Last year the Society of Jesus in Slovakia has put a considerable effort in drawing the attention to a novice, Tomas Munk, who converted to Catholicism from Judaism in the late 1930s.
In the spring of 2008 a book of Ivan Petransky about his life was published Zivot pod hviezdou (“A life under a star”). People from around the Jesuit community in Ruzomberok have organized a concert to remember this young brave man who in his early life had written: Amor Christi usque ad oblivionem sui – Love for Christ until self-oblivion. The local TV station has produced a documentary DVD on his life and people are very much interested in the witness this young man has got to offer. Parts of the published book were broadcasted on the Catholic radio station in the country.
Tomas Munk was born in Budapest on January 29, 1924 as the first son of a Jewish couple.
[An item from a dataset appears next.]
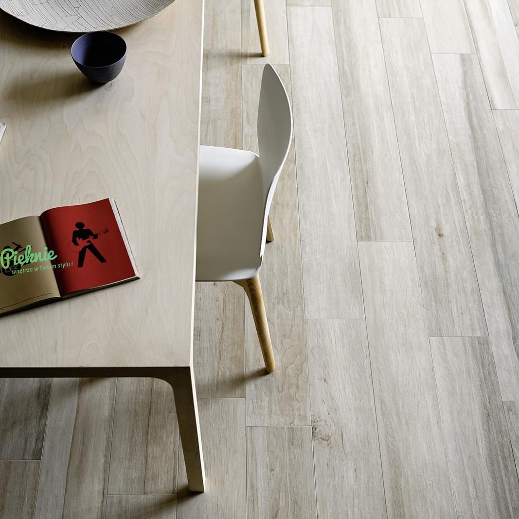 Rektyfikowana gresowa płytka imitująca drewno marki Marazzi.

After conversion in 1939 he was received in the Catholic Church. Tomas studied in Bratislava and partly in Ruzomberok. He decided to become priest in the Society of Jesus where he entered on July 30, 1943. In the autumn of 1944, Nazi soldiers came in Ruzomberok. After several months the whole family was arrested and the Nazi eventually came to the Novitiate and took him away as a Jewish convert. According to a fellow novice, now a respected Jesuit, Tomas confided to him having prayed all night in the Novitiate chapel: “I have sacrificed my life for my nation, for its conversion and for the Church.” Tomas was killed on the way to the concentration camp.
A point of connection for me with Tomas Munk is that we share the same birth date but 45 years apart from each other, and that we had a love of the Society. May he interceded for all of us.